Война упущенных возможностей | страница 114
На следующий день Каменев, зять Троцкого, выступил по его поручению с речью, от которой всем нам, присутствующим офицерам, кровь бросилась в голову. Она была дерзостью; русские имели бы некоторое право так говорить, если бы положение было обратным, то есть если бы германская армия была разбита и повержена в прах, а русские войска победоносно стояли бы на германской земле.
Один взгляд на Кюльмана показал мне, что и его терпение истощено. Он дал мне слово, и я начал объяснять русским, каково истинное положение дел и какая разница существует между их речами и их поступками; они говорят громкие слова о свободе совести, свободе слова, самоопределении народов и о других прекрасных вещах, а в действительности у себя на родине не терпят свободного общественного движения; они штыками разогнали Учредительное собрание, выборы в которое закончились не в их пользу, разогнали вооруженной силой белорусское народное представительство в Минске и теперь разгоняют свободно избранную украинскую Раду. Для немецкого Верховного командования вопрос о пограничных государствах решен: оно стоит на той точке зрения, что законные представители этих государств высказались за их отделение от Советской России, – поэтому вторичное голосование бесцельно. Говорил я сидя и совершенно спокойно; я ни разу не возвысил голоса и не ударял кулаком по столу, как об этом говорит создавшаяся легенда.

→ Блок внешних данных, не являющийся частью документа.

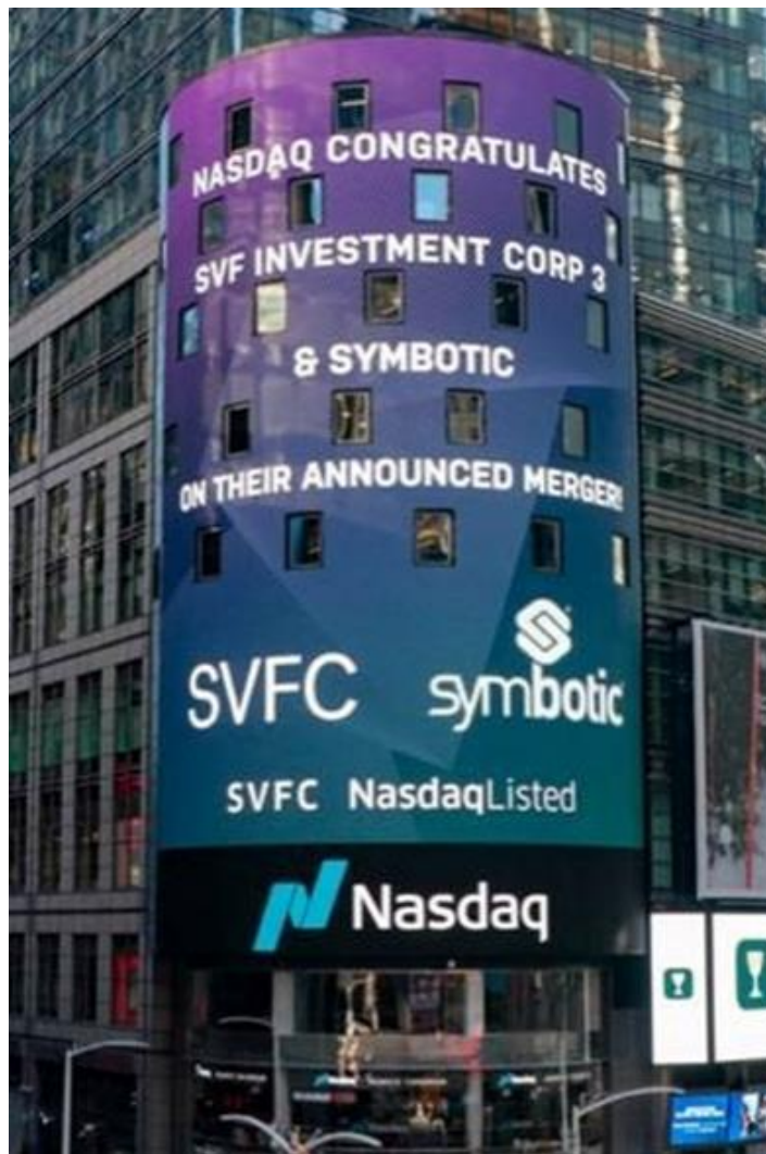
© 2020 Symbotic. All rights reserved. Proprietary and confidential. For internal distribution only.

Когда я окончил, воцарилось глубокое молчание. Даже Троцкий в первый момент не мог ни слова возразить. Да и трудно было что-нибудь сказать, так как все, что я утверждал, было правдой. Заседание было вскоре прервано.

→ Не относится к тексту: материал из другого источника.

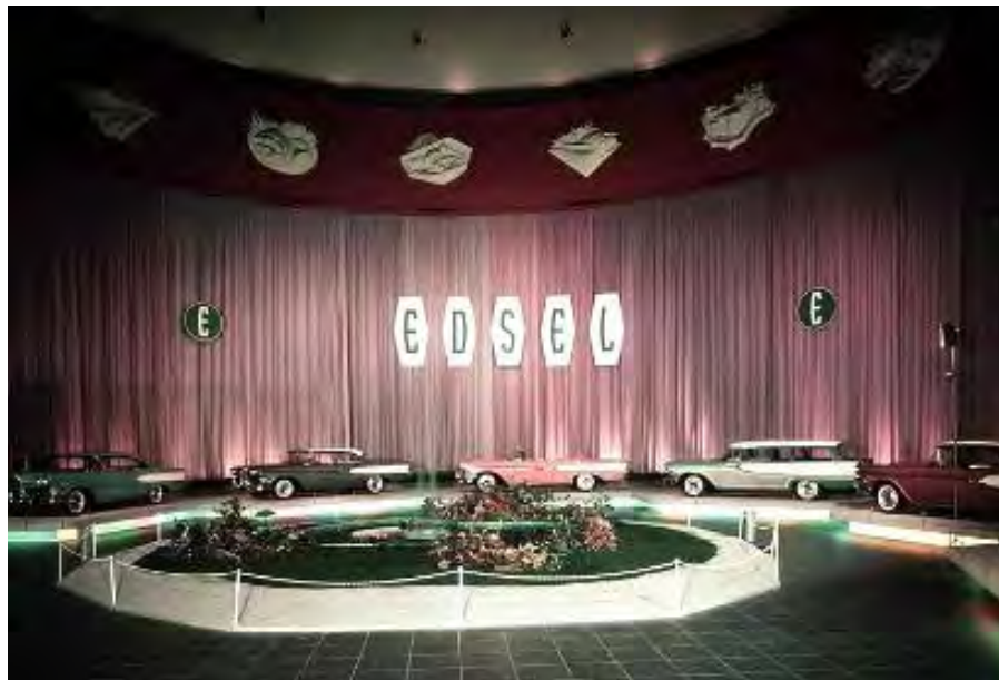
The 1958 Edsel introduction at the Rotunda...

Фактические результаты моих доводов были не так велики, как я надеялся. Троцкий ограничился тем, что на следующем заседании сказал несколько ничего не значащих слов и с приемами агитатора осудил мою речь как выражение милитаризма. Но и впредь он не стал на почву практической работы и продолжал свои диалектические кунштюки. К сожалению, и Кюльман не воспользовался случаем на основании моей речи потребовать, чтобы конференция вступила наконец на путь органической работы.

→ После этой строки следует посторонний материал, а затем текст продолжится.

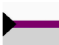
Demisexual Pride Flag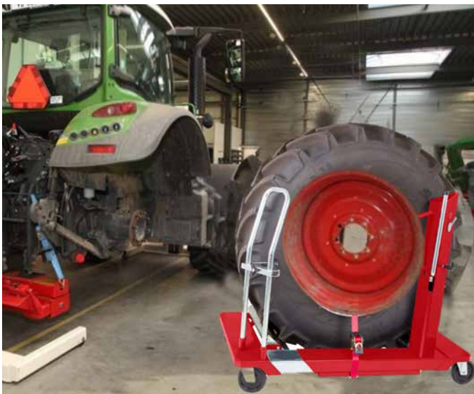
Wheel Dolly for convenient and ergonomic removal of large wheels.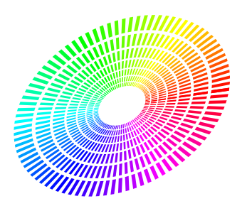
FIGURE 2.2: figure2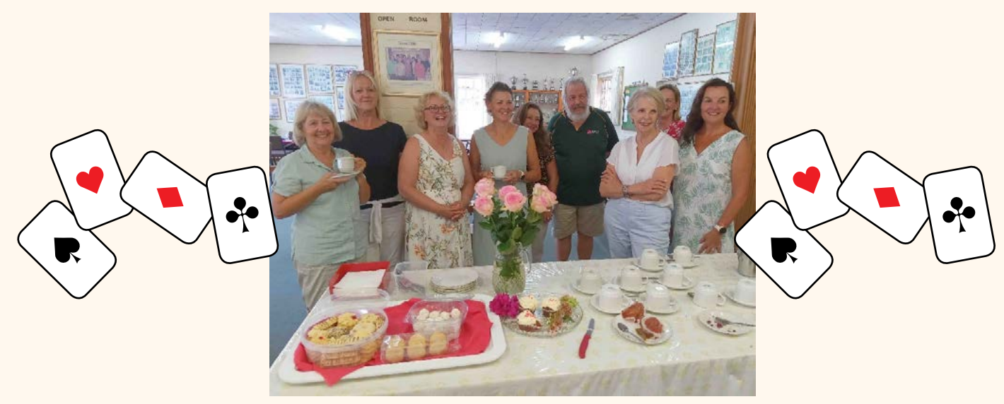
Valentine's Day - learners and practice group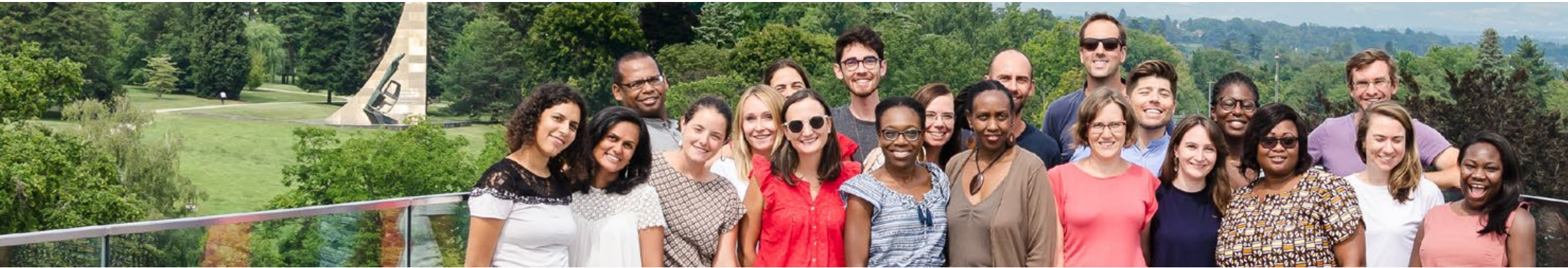
ISHR staff

Через начальника оперативного отделения я изложил генералу Людендорфу основания для моего выступления и просил его сообщить мне его мнение по этому предмету. Генерал Людендорф одобрил мой образ действий и просил меня по возможности содействовать ускорению переговоров и направлению дебатов в реальное русло. После того как мне не удалось добиться фактического успеха моим вмешательством в переговоры с Троцким, мне оставался еще другой путь: переговоры с украинской делегацией.